Autres Facteurs Psychologiques

L'Optimisme

«Tendance stable à croire que des événements positifs nous arriveront dans le futur » (Scheier et Carver, 1985, 1992). Il s'explique par des facteurs contextuels et génétiques. L'optimisme peut être un mécanisme de défense, mais peut aussi mener à la sous-estimation des risques.
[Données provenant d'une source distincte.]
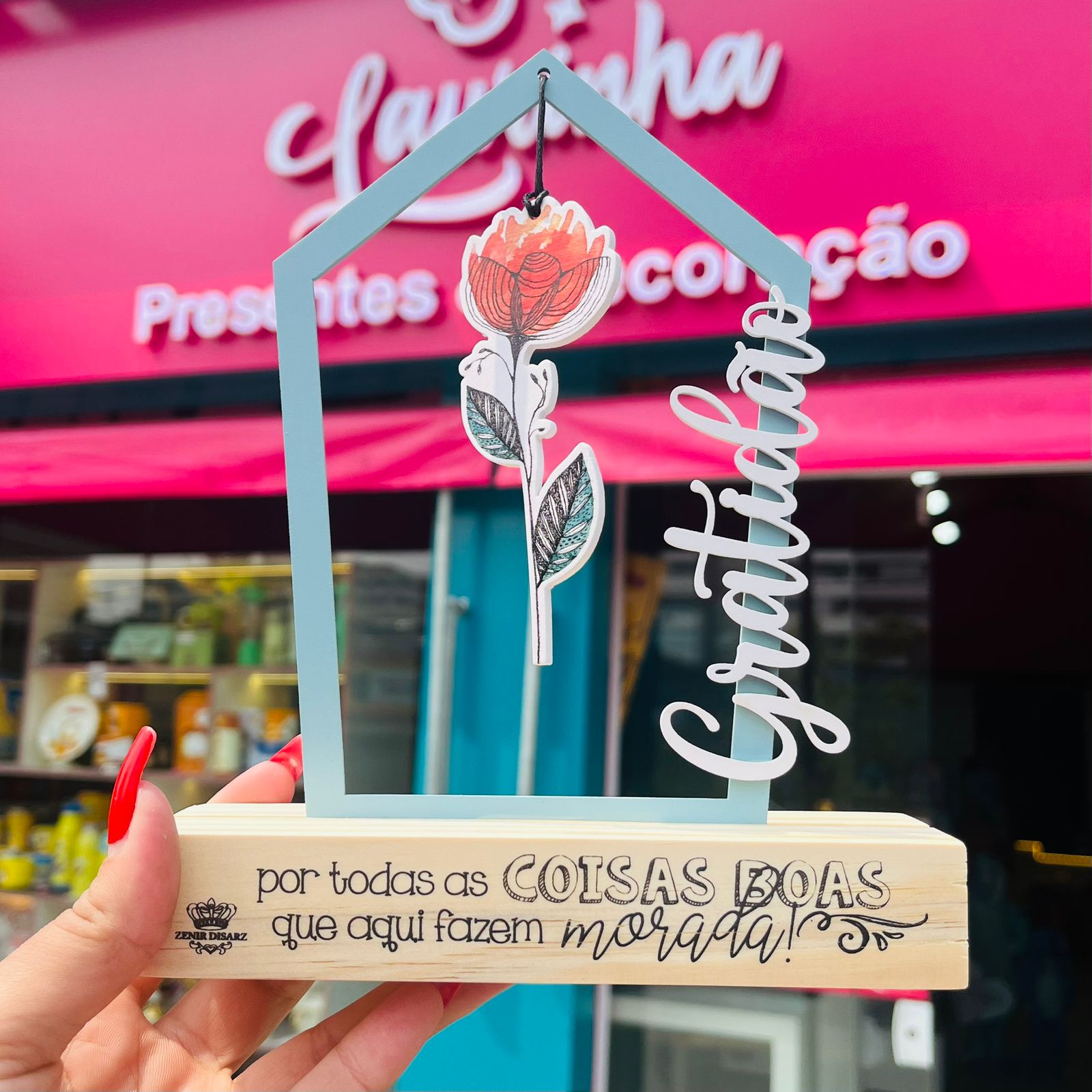 ENFEITE DE MESA CASINHA VAZADO FLOR,GRATIDÃO POR TODAS AS COISAS...JARDIM...20,5X17

Le Contrôle (LOC - Locus of Control)

«Croyance dans le fait que les événements dépendent soit de facteurs internes, soit de facteurs externes» (Rotter, 1966). Un LOC interne est protecteur.

La Résilience

«Ensemble de processus consistant à gérer, négocier et s'adapter à des situations stressantes ou traumatisantes» (Windle, 2010). Elle permet de développer le bien-être et la santé.

L'Auto-efficacité

«Croyance des individus en leur capacité à mobiliser les ressources nécessaires pour maîtriser la plupart des situations et y réussir». L'auto-efficacité prédit l'adoption de comportements sains.

La Promotion de la Santé

La promotion de la santé vise à «faciliter la protection et l'amélioration de l'état de santé des individus».

Objectifs

  • Améliorer les facteurs environnementaux.
  • Modifier les comportements : conceptions, croyances, attitudes.
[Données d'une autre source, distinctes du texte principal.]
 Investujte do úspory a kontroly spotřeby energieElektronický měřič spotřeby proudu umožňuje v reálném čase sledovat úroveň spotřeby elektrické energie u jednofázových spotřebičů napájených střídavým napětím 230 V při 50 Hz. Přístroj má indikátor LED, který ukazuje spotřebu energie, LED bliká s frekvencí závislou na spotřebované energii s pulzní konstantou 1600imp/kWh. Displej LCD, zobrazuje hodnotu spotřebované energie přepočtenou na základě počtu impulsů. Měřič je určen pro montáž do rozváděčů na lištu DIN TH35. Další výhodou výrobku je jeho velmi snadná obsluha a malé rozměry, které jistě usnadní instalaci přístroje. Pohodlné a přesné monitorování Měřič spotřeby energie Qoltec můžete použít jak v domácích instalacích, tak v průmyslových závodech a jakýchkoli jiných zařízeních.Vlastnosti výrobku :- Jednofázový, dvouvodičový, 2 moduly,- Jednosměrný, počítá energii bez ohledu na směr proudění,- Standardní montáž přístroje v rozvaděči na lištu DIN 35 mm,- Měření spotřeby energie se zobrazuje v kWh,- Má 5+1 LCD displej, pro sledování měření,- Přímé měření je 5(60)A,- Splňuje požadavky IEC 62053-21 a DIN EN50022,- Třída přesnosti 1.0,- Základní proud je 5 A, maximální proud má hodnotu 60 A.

Comportements Sains vs à Risque

Les comportements sains (sport, observance thérapeutique, dépistage) sont ceux qui pré-viennent, protègent et améliorent la santé. Les comportements à risque (tabac, alcool, sédentarité) peuvent avoir des conséquences nocives. Ils expliquent environ 50% de la variance de la mortalité pour certaines maladies.

Pourquoi ne pas adopter des comportements sains ?

  • Plaisir immédiat des comportements à risque.
  • Incitations sociales.
  • Mauvaise information sur les risques.

Croyances et Représentations en Santé

Elles influencent la perception et la gestion de la santé. Trois théories majeures :

1. Health Belief Model (Rosenstock, 1966)

Explique les comportements de santé via :

  • Vulnérabilité perçue
  • Gravité perçue
  • Bénéfices perçus
  • Obstacles perçus

2. Théorie du Comportement Planifié (Ajzen et Fichbein, 1988)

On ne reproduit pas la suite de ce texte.